RE: AW: [xml-dev] RFC for XML Object Parsing

I need to add one more fact, just to help everyone keep a clear picture of what is going on to accomplish this 3 fold leap in parsing speed that uses 1/2 the memory of any approach that parses to temporary objects. "oid" becomes Markup itself. It is optional 'bonus' markup for an element that describes a unique key for the element - if such a thing exists for that element.

Suppose you have a list of "foos". Suppose that list is very very long. 1 Terabyte. Suppose that you get updated XML source of that list every 15 minutes. In the huge list, some "foos" are new, some foos() have been updated. With an "oid" we can parse this entire update, and make no new memory allocations except of the new "foo's". The XML Parser never needs to allocate any memory storage if it can make a connection between the cached instance and an "oid".

The object knows it's "oid", what it does not know is anything about "oid" being in the XML. Normally we would call an attribute, "Data", - in this case it is not. It's a positional keyword in the XML. For example if an attribute named "oid" contains any upper case or the attribute is not in the 1st position - then it IS data - otherwise it is a key.

This will help you refine the main question.

Brian

From: xmlboss@live.com
To: hrennau@yahoo.de
CC: xml-dev@lists.xml.org
Date: Sun, 23 Mar 2014 07:31:41 -0600
Subject: RE: AW: [xml-dev] RFC for XML Object Parsing

Hans-Juergen Rennau,

> I wonder if I understood the gist of what you are saying correctly. My understanding of the operation "parsing XML" is the transformation of a string (usually serialized XML) into information content, modelled as an info set, which is a set of items defined in terms of their properties. Practically speaking, the result of parsing is an internal representation of the info set which provides some kind of interface to the information content. In short, parsing provides access to the info set. Would you accept this view?

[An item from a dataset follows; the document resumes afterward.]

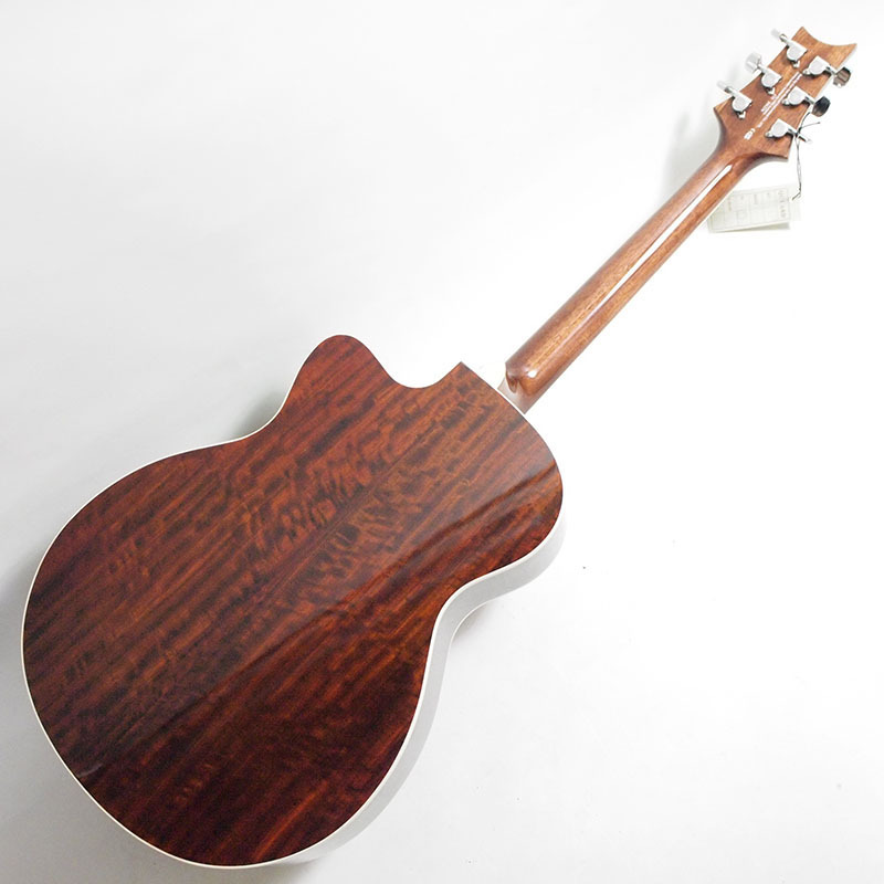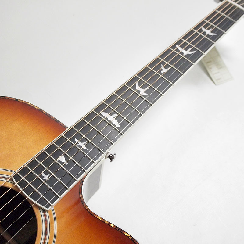 スプルース単板トップのほかにも、エボニー指板とブリッジ、ボーン・ナットとサドル、そしてバード・インレイとPRSヘッドストックなども、このギターのクオリティの高さを物語っています。

I accept that 100%. This breaks down "Parsing" as the entire act of accomplishing the task of converting the marked up data from the linear contiguous form to a 3D form (As you say, "some kind of interface to the information content").

> The "oid" attribute provides a reference to some (perhaps binary) representation of an XML fragment. If an element foo has the @oid attribute, like so <foo @oid="123"/> the information content thus encoded is an info set with a "foo" element item whose children are provided by the internal representation referenced. Yes?

It seems No. I see it as "an element ETag". In HTTP, ETag, is a "caching key". "foo" doesn't know anything about an "oid" anymore than it knows about "<xml". An HTML page does not know its ETag. "foo"'s base class is even unaware of the tokenization process, this is why "foo" can be updated EITHER by using the "oid" OR without it and even "foo" itself would have no way of knowing by which mode of access it was updated - if it was directly from the source data or directly from a copy of it. "foo" is always updated directly according to "foo".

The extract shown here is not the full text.